The FCC will vote on the proposal Nov. 19.
A draft of the order would bar communications companies that receive Universal Service Fund money to purchase suppliers posing a national security threat, notably ZTE and Huawei. Another rule is proposed to require carriers receiving funds to remove existing equipment from the likes of ZTE and Huawei and replace it with "more trusted suppliers."
The draft rule would also call for fact-finding to discover how many carriers deployed Huawei and ZTE equipment and costs to remove and replace it.
And that's where things will get sticky. Huawei's value proposition for many carriers is gear that works in remote and rural areas. Simply put, Huawei is likely installed in many carriers.

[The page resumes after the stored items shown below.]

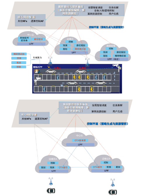 1)車路云一體化智能聯(lián)網(wǎng)場(chǎng)景。通過構(gòu)建端—邊—云協(xié)同的計(jì)算架構(gòu),根據(jù)車聯(lián)網(wǎng)不同業(yè)務(wù)對(duì)算力和時(shí)延的差異化需求,實(shí)現(xiàn)車聯(lián)網(wǎng)業(yè)務(wù)的分級(jí)部署和協(xié)同調(diào)度編排,賦能車路云一體化的智能網(wǎng)聯(lián)業(yè)務(wù)需求。目前重點(diǎn)關(guān)注的兩類典型場(chǎng)景如圖2所示:一個(gè)是面向局域的移動(dòng)自主泊車場(chǎng)景,引入移動(dòng)算力網(wǎng)絡(luò),實(shí)現(xiàn)為車輛調(diào)度合適的計(jì)算服務(wù)節(jié)點(diǎn),在車輛移動(dòng)時(shí)保障UPF和計(jì)算節(jié)點(diǎn)的聯(lián)合調(diào)度;另一個(gè)是面向廣域的OTA升級(jí)場(chǎng)景,通過引入移動(dòng)算力網(wǎng)絡(luò),驗(yàn)證非UE發(fā)起的計(jì)算會(huì)話控制能力,按需選擇合適的計(jì)算節(jié)點(diǎn)為UE傳輸/處理所需數(shù)據(jù)。其他典型的車聯(lián)網(wǎng)業(yè)務(wù)還有十字路口調(diào)度、邊端協(xié)同駕駛決策等場(chǎng)景。
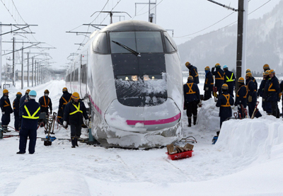 3月3日,在日本秋田縣大山,調(diào)查人員和鐵路工作人員在脫軌列車旁查看。此前一天(3月2日),運載著約130名乘客的日本“小町”號新干線列車在大雪中脫軌。
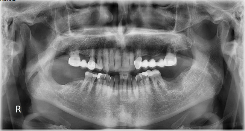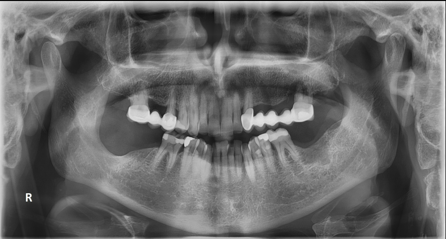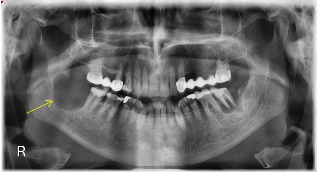 Άνδρας ασθενής 77 ετών εμφάνισε προ 4 ετών ενδοστοματικό ογκίδιο για την ακτινολογική διερεύνηση του οποίου συστήθηκε η πραγματοποίηση πανοραμικής ακτινογραφίας. Στην πανοραμική ακτινογραφία παρατηρήθηκε η παρουσία ευμεγέθους ακτινοδιαυγαστικής αλλοίωσης η οποία απεικονίζεται στην περιοχή της αναφερόμενης ενδοστοματικής βλάβης.
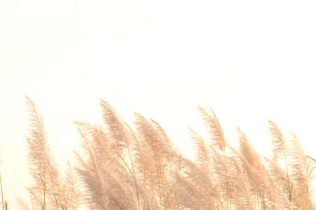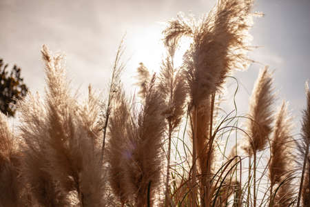 Fluffy reeds on a light sky background against sunlight. Abstract nature background for vertical posters design. Blurred selective focus.
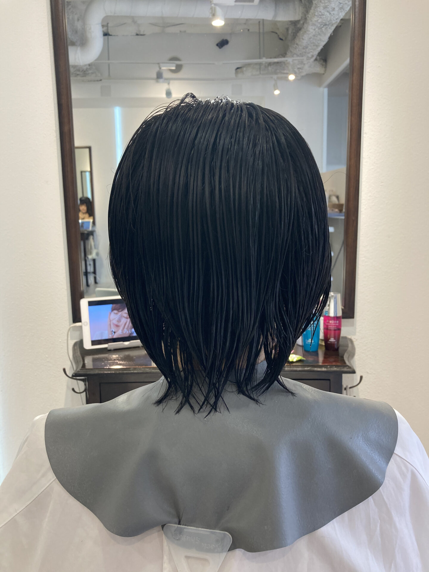 しっかり張りのある直毛さんなのでRをしっかりかけてカット!

The biggest question is who will pay for this rip and replace effort and what's the costs. Will there be another carrier tax on your bill to pay for replacement gear? Or will carriers simply forgo FCC funds. After all, the Universal Service Fund is $8.5 billion. That's a large number, but may not be large enough for much FCC leverage.
FCC Chairman Ajit Pai said:
When it comes to 5G and America's security, we can't afford to take a risk and hope for the best. We need to make sure our networks won't harm our national security, threaten our economic security, or undermine our values. The Chinese government has shown repeatedly that it is willing to go to extraordinary lengths to do just that. And Chinese law requires all companies subject to its jurisdiction to secretly comply with demands from Chinese intelligence services.
Now for carriers, the devil will be in the details. Those details will revolve around IT heavy lifting, labor costs, RFP processes and money.